I barely got any sleep the night before after learning that I was technically not Ouma Kokichi but Sakura Airi with his memories and personality. It's an incredibly confusing and mind-boggling revelation, to say the least. However, learning this did give me some relief that I don't have to worry about looking at myself naked without feeling incredibly uncomfortable.

However, I technically have no proof to say that this is the case. It is the only logical explanation for the contradiction of my actual appearance and how I used to remember myself without going into supernatural causes.

Now, what could've altered my memories is something that I'm not sure even exists, but it does in my current memories—the flashback lights. Based on the killing game, the light can imprint false memories into the participants, making them believe the world was destroyed and that they were the last of humanity. Now, relating to my current reality, according to the research I did last night, some sort of government-sponsored technology was used to make the killing games more exciting.

Based on my memories, it wouldn't be surprising if this technology involved some sort of mind manipulation that could alter one's nervous system to replace one's existing memories and personality with new ones.

Though this is only a hypothesis about my current situation, it does help explain how I believe I am Kokichi. Moreover, I still can't rule out the possibility of reincarnation, but I'd prefer it weren't the case.

This only scratches the surface of the abundance of questions I now have about myself and the television series known as Danganronpa. However, as a high school girl who thinks she's a fictional boy with little influence except for some online followers, I can only hypothesize and continue my high school life.

I grabbed the canned iced coffee from the vending machine and cracked it open. As I took a sip of my drink, I couldn't help but wonder why I was unable to taste anything.

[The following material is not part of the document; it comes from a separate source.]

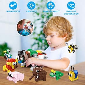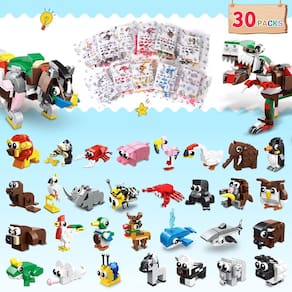 ?Conjuntos de construção de mini animais 30 em 2?: Os conjuntos têm um total de 867 peças, incluindo um pacote de 30 blocos de minianimais, leão, elefante, antílope, macaco, abelha e muito mais. Além dos pequenos animais, este conjunto também pode ser construído em 2 animais enormes, lembrancinhas legais para crianças de 8 a 12 anos ?Aprenda enquanto brinca?: um total de 30 minianimais fofos diferentes em uma variedade de cores vibrantes, que podem aumentar a cognição das formas de cores de seus filhos e ajudá-los a despertar a imaginação, melhorar a habilidade prática, a inteligência e a paciência. Adequado para meninos de 6 a 9 anos, pode ter certas dificuldades para crianças pequenas ou precisar de ajuda para adultos . ?Seguro e Premium?: o conjunto de construção de minianimais HOGOKIDS 30 em 2 é feito de material ABS autêntico e certificado de segurança CPC, não é afiado, não tóxico e durável, é tão seguro para seus filhos que se sintam à vontade para deixá-los brincar de forma divertida. Como uma festa de aniversário favorece presentes, este brinquedo cria um mundo animal maravilhoso para crianças ?Presentes perfeitos para festas de animais?: os blocos de construção do animal são um presente ideal para seus filhos. Distribua-os como lembrancinhas da festa de Páscoa, esconda-os na cesta como recheados. Também pode ser utilizado como prêmio para crianças em sala de aula, enchedoras de sacolas de guloseimas e prêmios de carnaval, minikits de brinquedos de aniversário para meninos de 6 anos ?Garantia e excelente serviço?: os conjuntos de lembrancinhas de animais HOGOKIDS para crianças oferecem garantia incondicional de devolução do dinheiro em 30 dias e garantia de devolução e substituição de 12 meses. Se você tiver alguma dúvida, sinta-se à vontade para entrar em contato com nosso atendimento ao cliente, estaremos sempre aqui para lhe fornecer um serviço satisfatório 24 horas -?Conjuntos de construção de mini animais 30 em 2?: Os conjuntos têm um total de 867 peças, incluem pacote de 30 blocos de mini animais, leão, elefante, antílope, macaco, abelha e muito mais. (DICAS: atualizamos as instruções do livreto para instruções individuais embaladas em cada sacola de construção correspondente, perfeitamente adequadas para lembrancinhas.) Além dos pequenos animais, este conjunto também pode ser construído em 2 animais enormes, lembrancinhas legais para crianças de 8 a 12 anos -?Aprenda brincando?: Total de 30 minianimais fofos diferentes em uma variedade de cores vibrantes, que podem aumentar a cognição das formas de cores de seus filhos e os ajudarão a despertar a imaginação, melhorar a habilidade prática, a inteligência e a paciência. Adequado para meninos de 6 a 9 anos, pode ter certas dificuldades para crianças pequenas ou precisar de ajuda para crianças menores de 6 a 9 anos -?Seguro e de qualidade premium?: o conjunto de construção de minianimais HOGOKIDS 30 em 2 é feito de material ABS autêntico e certificado de segurança CPC, não afiado, não tóxico e durável. É muito seguro para seus filhos, fique à vontade para deixá-los se divertirem. Como presente de lembrancinhas de aniversário, este brinquedo cria um mundo animal maravilhoso para crianças -?Presentes perfeitos para festas de animais?: os blocos de construção do animal são um presente ideal para seus filhos. Distribua-os como lembrancinhas da festa de Páscoa, esconda-os na cesta como recheados. Também pode ser utilizado como prêmio para crianças em sala de aula, enchedoras de sacolas de guloseimas e prêmios de carnaval, minikits de brinquedos de aniversário para meninos e meninas de 6 anos -?Garantia e excelente serviço?: os conjuntos de lembrancinhas de animais HOGOKIDS para crianças oferecem garantia incondicional de devolução do dinheiro em 30 dias e garantia de devolução e substituição de 12 meses. Se você tiver alguma dúvida, sinta-se à vontade para entrar em contato com nosso atendimento ao cliente. Estaremos sempre aqui para fornecer com 24 horas de serviço satisfatório

From Kokichi's memories, he would always complain about never being able to taste anything regardless of what he consumed, and he wasn't lying about it. Thinking about it, do I have the same issue as him? Is it some neurological effect that occurred when my memories were altered?

As I continued to drink my coffee, I heard someone trying to get my attention.

"Good Morning, Sakura."

That monotonous and dull voice couldn't change in the slightest. Sometimes, it would be nice if he could be a bit more enthusiastic when talking to me.

"Mornin', Aya-chan! You look as dull as usual!"

I greeted him with my usual bright smile and cheery voice. However, as usual, he stared at me in return with his dull golden eyes.

"I don't know what to tell you, but this is what I am usually like."

His retort was nothing new and was starting to get boring.

"Fine, I don't feel like arguing about that right now. Instead, I have a few things I want to ask of you."

"Is it about my dull voice?"

Pretending to be shocked, I covered my mouth with my available hand.

"Wow, you know me so well. Though you're absolutely wrong this time!" I pointed towards him. 

"So what is that you wanted to ask?"

"Remember how you told Kikyo-chan to talk to me about the plan involving befriending Horikita-chan?"